Yet when I try to connect via Mozilla i get "Operation timed out when attempting to connect to www.omegafi.com"

Another example of this problem is my work network, I can ping all the ip addresses at work, but I cannot ssh, browse (web), ftp, etc. into the network.  They all fail with similar error messages.   While at work I am unable to go outside of the network.  Yes, there is a firewall.  It works transparently as a gateway for the protected machines. 

Just to put this in perspective I am able to connect to any of these networks using another computer (linux/windows) just fine.  At work I have 4 linux servers running many flavors of Linux and none of them have had this problem.  Let me know if you have any ideas, or you need additional information about what is installed on my machine.  Thanks in advance for any help in solving this.

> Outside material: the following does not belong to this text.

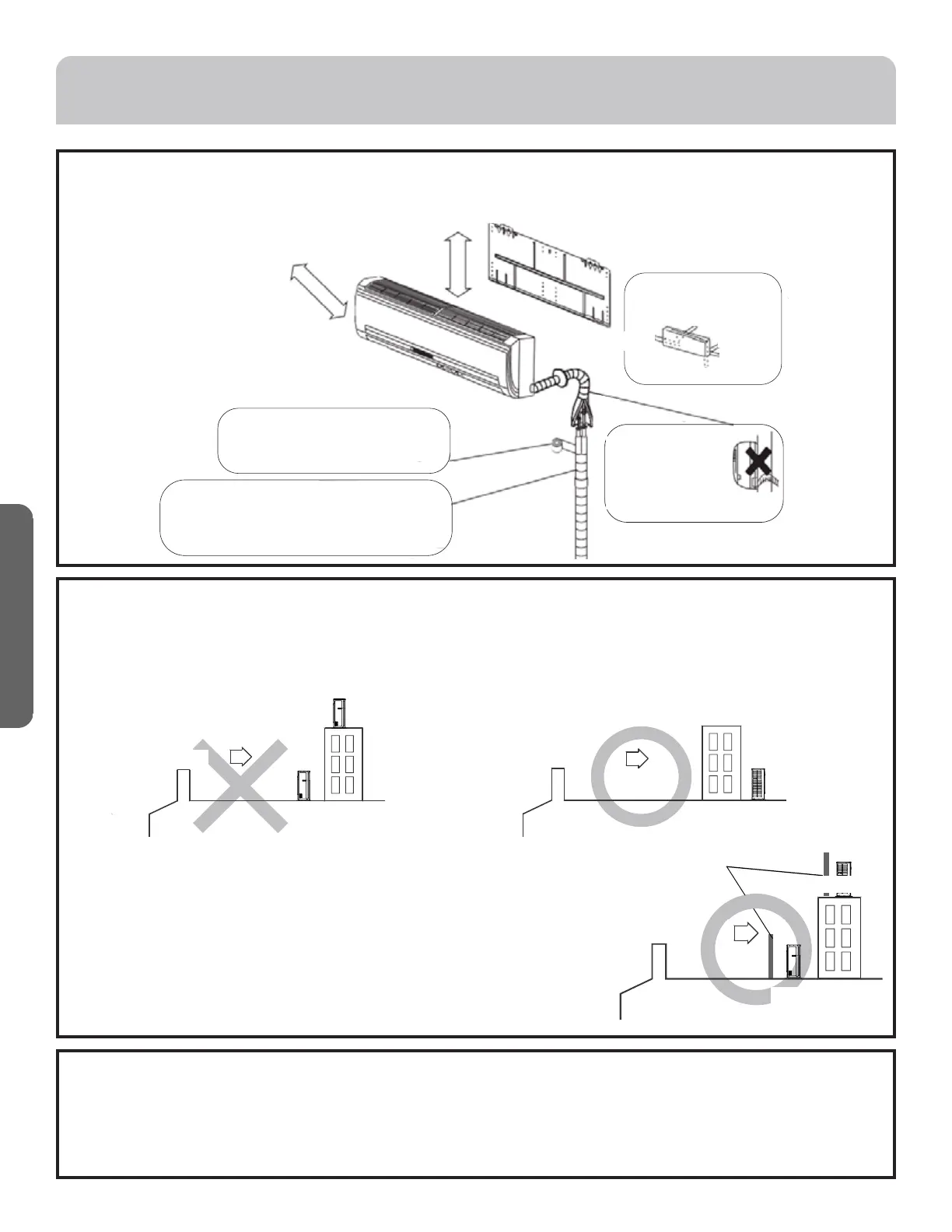 • L’unité extérieure doit être installée à un minimum de 1/2 mille (0,8 km) d’un plan d’eau salée telle que bord de mer et voies

Just a little more info, I just noticed I also can't get to downloadfinder.intel.com and that if I try to run a traceroute anywhere (even to the machines I can get to) it fails.

----------

## metalhedd

Theres a kernel Option for "Explicit Network Congestion Nottification" or something with a similar name (sorry, i'm at work right now, so I can't check)  But I recall reading that if you have that enabled you won't be able to connect to about 10% of all sites on the internet.

----------

## paleck

 *metalhedd wrote:*   

> Theres a kernel Option for "Explicit Network Congestion Nottification" or something with a similar name (sorry, i'm at work right now, so I can't check)  But I recall reading that if you have that enabled you won't be able to connect to about 10% of all sites on the internet.

 

Leave it to me to turn on the one option that disconnects me from the internet.  Thanks for the insight, I am recompiling the kernel now.

----------

## metalhedd

and thank you for being the first person whose problem I've solved before anyone else beat me to it  :Smile: 

----------

## paleck

 *metalhedd wrote:*   

> and thank you for being the first person whose problem I've solved before anyone else beat me to it 

 

I've just finished it is working like a charm now.  Thanks again.

----------